Размер шрифта
-
+

Братья Булгаковы. Том 3. Письма 1827–1834 гг. - стр. 60

Кстати сказать, о несчастных. Тесть сказывал, что Кушников получил премилостивый, утешительный рескрипт и что плачет как ребенок, повторяя: «Государь лишился матери, сам в горе и в такую минуту вспомнил меня и хотел меня утешить бесценными строками своими». И подлинно, надобно иметь сердце, каковым Бог государя наградил, чтобы так поступать. Кушников подтвердил тестю о точности показаний дочери его Сипягиной, и его так они поразили, что он требовал истолкования у Филарета. Этот ему сказал: «Нет сомнения, что в ту минуту, когда душа разлучается с телом, человек одарен бывает способностями необыкновенными, и много есть примеров, что умирающие предсказывали будущее или говорили о происшествиях, в ту минуту случавшихся, и кои никому не могут быть известны».

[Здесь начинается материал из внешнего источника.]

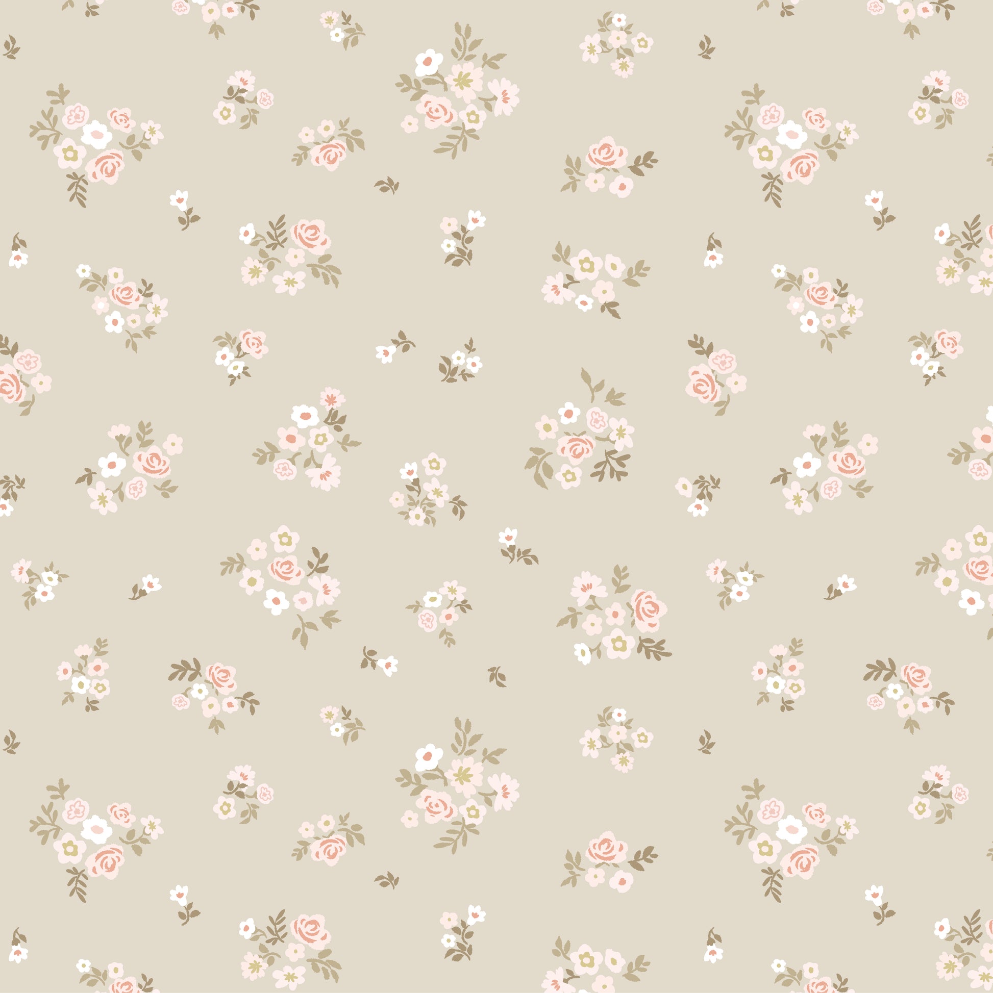 Delicate briar rose bunches tossed across a sage background.
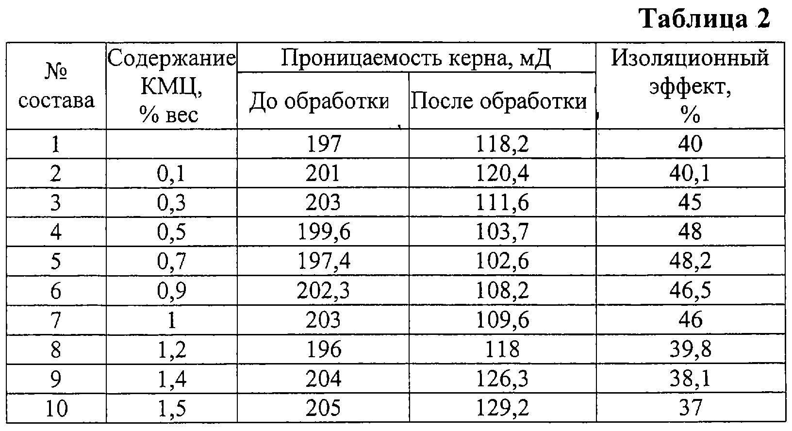 В изоляционный состав или хотя бы в один из его компонентов можно дополнительно ввести модифицирующие вещества, например водорастворимые полимеры (полиакриламид, гипан, КМЦ, крахмал), ПАВ, полиэлектролиты. В таблице №2 представлены результаты изучения изолирующего эффекта изоляционных составов на основе цеолита при рН 2 с добавлением полимера карбоксиметилцеллюлозы марки КМЦ-500.
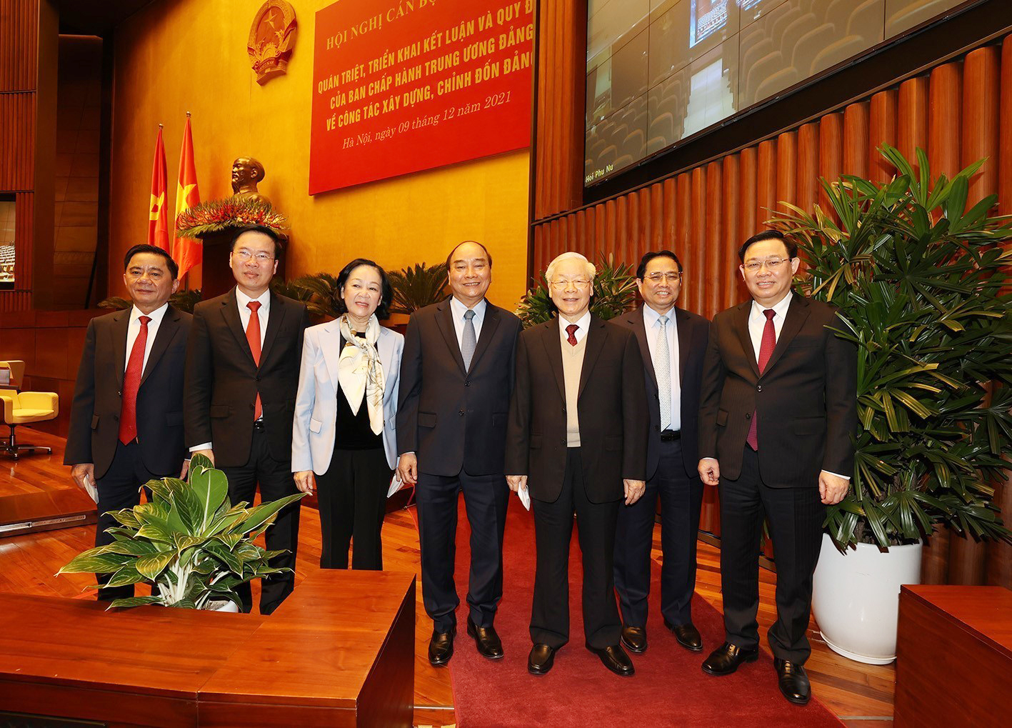 Tổng Bí thư Nguyễn Phú Trọng cùng các đồng chí lãnh đạo Đảng, Nhà nước dự Hội nghị cán bộ toàn quốc về công tác xây dựng, chỉnh đốn Đảng _Ảnh: TTXVN

Александр. Москва, 19 ноября 1828 года

Намедни был трагический случай. Умерла старуха Фаминцына. Священник Николы на Грязи, который должен был ее отпевать, был ею облагодетельствован. Он так был поражен горестью видеть ее в гробу, что в церкви тут же пал и умер. Говорила Обрескова, что ужасно было видеть жену его и девять человек детей, кои рыдали и кричали от горести, да и все были поражены вместо одного покойника видеть двух.

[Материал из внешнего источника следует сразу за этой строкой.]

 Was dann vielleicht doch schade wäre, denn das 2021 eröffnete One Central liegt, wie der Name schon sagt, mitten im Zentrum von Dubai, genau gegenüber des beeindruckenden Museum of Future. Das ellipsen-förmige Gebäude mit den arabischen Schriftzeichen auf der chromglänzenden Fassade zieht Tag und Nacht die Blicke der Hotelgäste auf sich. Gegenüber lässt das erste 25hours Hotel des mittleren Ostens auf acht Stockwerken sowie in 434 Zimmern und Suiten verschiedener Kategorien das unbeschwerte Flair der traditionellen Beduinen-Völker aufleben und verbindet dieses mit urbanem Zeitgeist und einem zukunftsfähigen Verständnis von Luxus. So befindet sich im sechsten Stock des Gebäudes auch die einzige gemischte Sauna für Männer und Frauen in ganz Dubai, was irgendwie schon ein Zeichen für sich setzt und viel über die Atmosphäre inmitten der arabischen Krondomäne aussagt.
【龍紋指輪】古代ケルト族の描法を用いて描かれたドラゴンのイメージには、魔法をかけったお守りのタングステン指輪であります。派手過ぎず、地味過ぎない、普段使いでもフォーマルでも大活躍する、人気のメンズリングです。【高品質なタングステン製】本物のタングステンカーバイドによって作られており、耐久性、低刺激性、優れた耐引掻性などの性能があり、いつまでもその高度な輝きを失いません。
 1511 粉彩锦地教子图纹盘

Александр. Москва, 20 ноября 1828 года

Я с большим удовольствием читал Жуковского стихи в «Пчеле». Он ленив и редко пишет, потому что не может писать без вдохновения, а это бывает, когда душа его сильно поражена и тронута чем-нибудь. «С тобой часть жизни погребаем», – прекрасное выражение! Жаль мне, что и этой императрице не мог я воздать, как покойной Елизавете Алексеевне, последний долг. Ежели для одной съездил в Белев, то, верно, поехал бы для другой в Петербург. Но мало ли, что хочешь, что должно, – да нельзя!

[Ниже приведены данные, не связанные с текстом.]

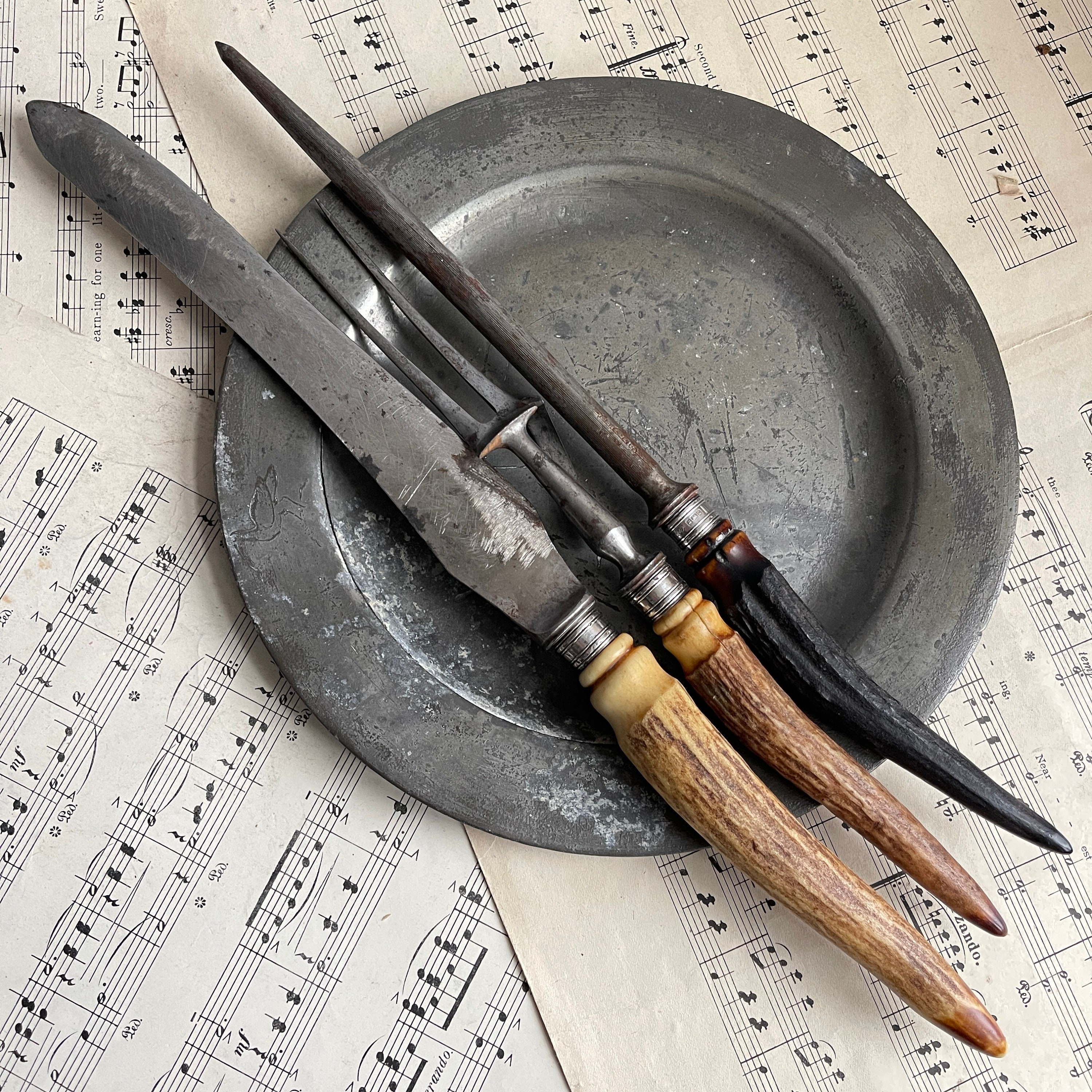 Antique Antler Handled Carving Set. Silver Ferrules. Antique Flatwa...
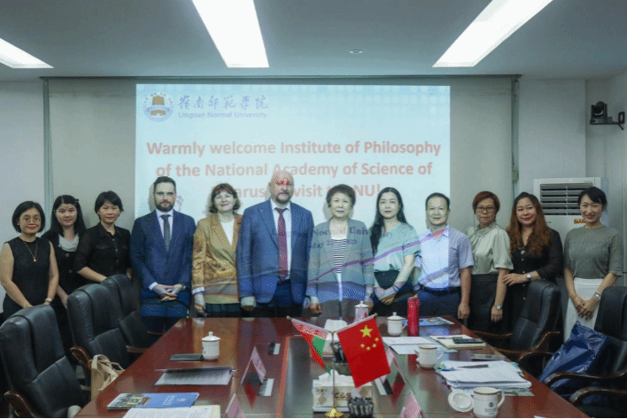 岭师新闻中心讯:5月22日下午,白俄罗斯国家科学院哲学研究院一行来访交流会议在学校二号会议室召开。我校党委书记兰艳泽、白俄罗斯国家科学院哲学研究院院长拉扎列维奇·阿纳托利·阿尔卡季耶维奇、高级研究员娜达莉亚·亚历山大罗夫娜·拉扎列维奇、我校科学研究处处长刘群慧、法政学院院长刘鑫淼、国际交流与合作处副处长陈婵娟、国际交流科科长程维婕、中国-白俄罗斯哲学文化研究中心(以下简称“中白中心”)研究员德米特里博士、陈琳琳博士、刘子莹博士、国际交流与合作处国际交流科科员李西子及翻译韩小燕等人参加会议。

Александр. Москва, 22 ноября 1828 года

Итак, Мамонова, все еще Мамонова и именем, и проказами. Князь Дмитрий Владимирович рассказывал мне всю процедуру с нею. «Я не могу простить себе, – сказал он, – что не подумал о вас в то время; впрочем, это ей надлежало о вас спрашивать, тем более, что она вас уже выбирала один раз, чтобы ее заместить, и вы очень хорошо поладили с ее братом. Опека была переведена, не вполне понимаю почему, в Петербург; я не могу всем этим очень похвалиться, если только не увижу какое-нибудь злоупотребление, кое не потерплю как начальник города, где находится несчастный», – и проч. Много меня расспрашивал о графе, о коем очень жалеет по-человечеству. Я все одно твержу, что Маркус уже много сделал тем, что лютого, оборванного человека преобразил и сделал из него тихого, послушного, который моется, одевается чисто, бреется всякий день сам; а пруссак этот Зандрарт, который надзирателем над графом, таков, что надобно радоваться, что он не просит 20 тысяч в год: их нельзя бы отказать, ибо такого не найдешь другого в целой Европе. Он добр, человеколюбив, старателен, не отходит из дому ни на шаг и вместе с тем очень тверд, неустрашим с больным. По должности своей переча часто графу, не может он быть ему приятен, но, конечно, делает все на свете, что только можно, к удовольствию и успокоению его. Цицианов добрый человек, но я не знаю, решится ли он бывать у графа и иметь с ним частые сношения, как я и Фонвизин.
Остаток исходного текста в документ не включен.